• What you are asked to do
Select, from the data, each line where "tous" occurs.

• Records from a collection
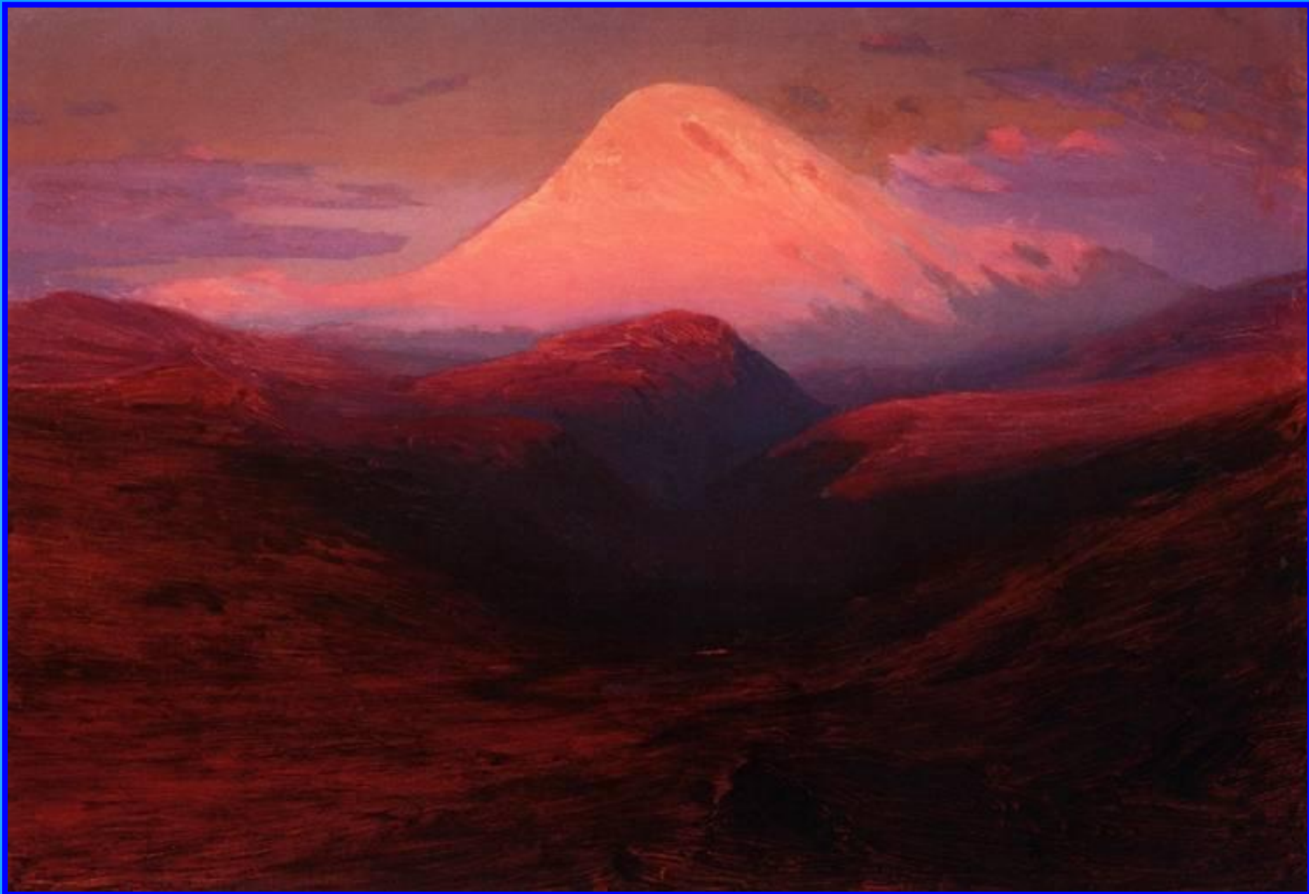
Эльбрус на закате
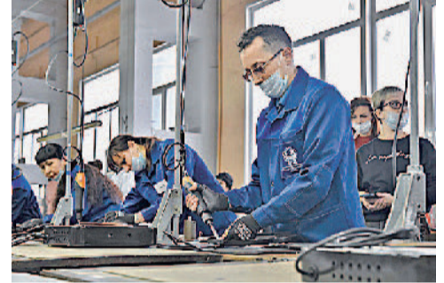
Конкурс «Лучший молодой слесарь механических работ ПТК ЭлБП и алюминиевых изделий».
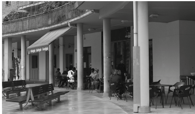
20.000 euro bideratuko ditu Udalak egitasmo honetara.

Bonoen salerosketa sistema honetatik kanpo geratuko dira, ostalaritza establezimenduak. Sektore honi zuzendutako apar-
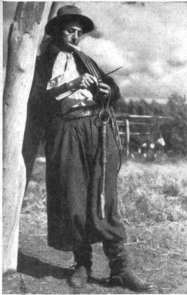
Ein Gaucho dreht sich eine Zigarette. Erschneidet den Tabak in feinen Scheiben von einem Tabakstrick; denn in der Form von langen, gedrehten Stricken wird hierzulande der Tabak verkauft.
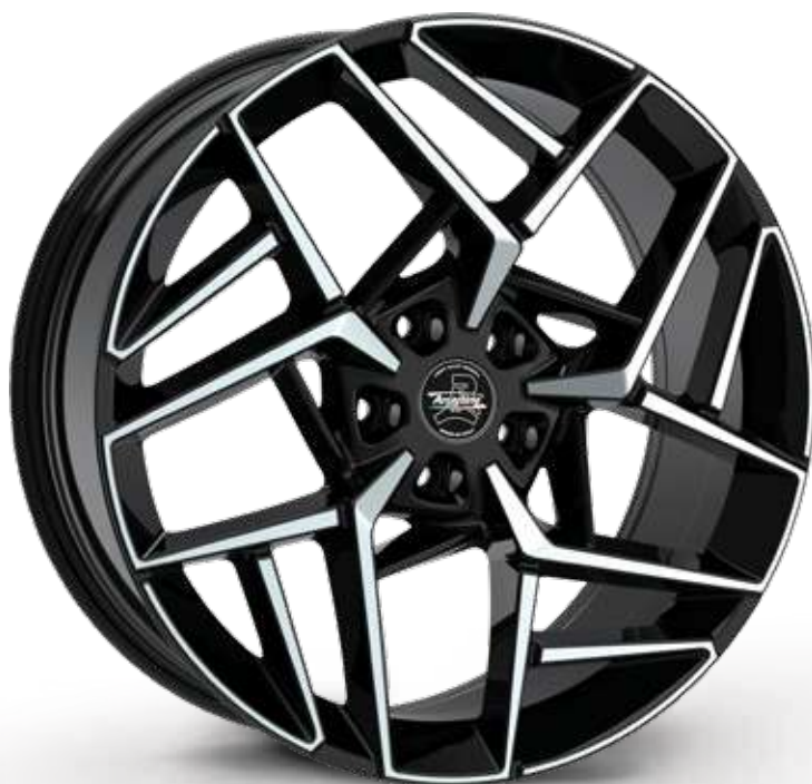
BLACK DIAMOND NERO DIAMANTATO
--
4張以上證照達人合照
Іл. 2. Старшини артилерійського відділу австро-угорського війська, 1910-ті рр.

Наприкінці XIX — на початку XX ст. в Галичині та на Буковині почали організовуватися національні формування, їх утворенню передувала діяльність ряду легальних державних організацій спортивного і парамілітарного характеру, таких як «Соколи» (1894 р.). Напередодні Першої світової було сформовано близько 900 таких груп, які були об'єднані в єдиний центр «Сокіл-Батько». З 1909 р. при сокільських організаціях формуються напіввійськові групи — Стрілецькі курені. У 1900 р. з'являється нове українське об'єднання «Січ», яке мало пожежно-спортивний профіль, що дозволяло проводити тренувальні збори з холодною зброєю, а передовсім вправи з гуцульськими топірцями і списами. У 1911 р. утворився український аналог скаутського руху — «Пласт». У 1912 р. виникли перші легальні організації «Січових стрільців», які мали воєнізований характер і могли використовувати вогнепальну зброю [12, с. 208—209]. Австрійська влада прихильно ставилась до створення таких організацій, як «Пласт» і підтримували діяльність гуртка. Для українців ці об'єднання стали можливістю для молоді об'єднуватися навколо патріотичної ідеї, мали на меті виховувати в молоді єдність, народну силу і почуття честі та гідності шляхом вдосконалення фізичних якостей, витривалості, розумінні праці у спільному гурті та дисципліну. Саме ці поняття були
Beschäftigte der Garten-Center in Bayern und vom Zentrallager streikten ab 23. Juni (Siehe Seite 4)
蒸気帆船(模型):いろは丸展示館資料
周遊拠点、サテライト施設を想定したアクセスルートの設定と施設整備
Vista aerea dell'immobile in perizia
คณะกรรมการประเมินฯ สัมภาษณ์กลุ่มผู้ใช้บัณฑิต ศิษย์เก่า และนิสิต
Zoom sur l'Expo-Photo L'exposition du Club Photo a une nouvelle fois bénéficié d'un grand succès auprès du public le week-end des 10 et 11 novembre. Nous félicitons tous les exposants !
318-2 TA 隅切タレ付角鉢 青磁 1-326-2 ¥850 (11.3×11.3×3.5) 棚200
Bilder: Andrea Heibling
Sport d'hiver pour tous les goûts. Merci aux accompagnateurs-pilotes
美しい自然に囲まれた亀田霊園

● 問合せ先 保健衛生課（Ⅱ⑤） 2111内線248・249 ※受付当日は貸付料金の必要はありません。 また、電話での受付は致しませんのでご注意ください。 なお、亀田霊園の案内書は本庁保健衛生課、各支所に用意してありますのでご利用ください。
* * *
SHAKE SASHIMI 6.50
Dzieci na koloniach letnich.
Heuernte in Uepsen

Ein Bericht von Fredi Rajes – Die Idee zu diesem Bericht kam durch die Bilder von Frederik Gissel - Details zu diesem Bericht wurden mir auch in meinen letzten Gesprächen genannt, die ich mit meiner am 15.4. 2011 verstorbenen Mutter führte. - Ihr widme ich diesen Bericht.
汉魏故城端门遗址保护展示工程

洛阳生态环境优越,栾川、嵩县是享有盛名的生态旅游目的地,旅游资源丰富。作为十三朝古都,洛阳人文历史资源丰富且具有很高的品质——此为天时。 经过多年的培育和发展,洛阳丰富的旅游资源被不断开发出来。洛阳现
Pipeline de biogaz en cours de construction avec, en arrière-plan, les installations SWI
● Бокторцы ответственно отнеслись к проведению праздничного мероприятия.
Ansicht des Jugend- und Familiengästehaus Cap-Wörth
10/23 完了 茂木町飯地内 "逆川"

• Your solution
Zoom sur l'Expo-Photo L'exposition du Club Photo a une nouvelle fois bénéficié d'un grand succès auprès du public le week-end des 10 et 11 novembre. Nous félicitons tous les exposants !
Sport d'hiver pour tous les goûts. Merci aux accompagnateurs-pilotes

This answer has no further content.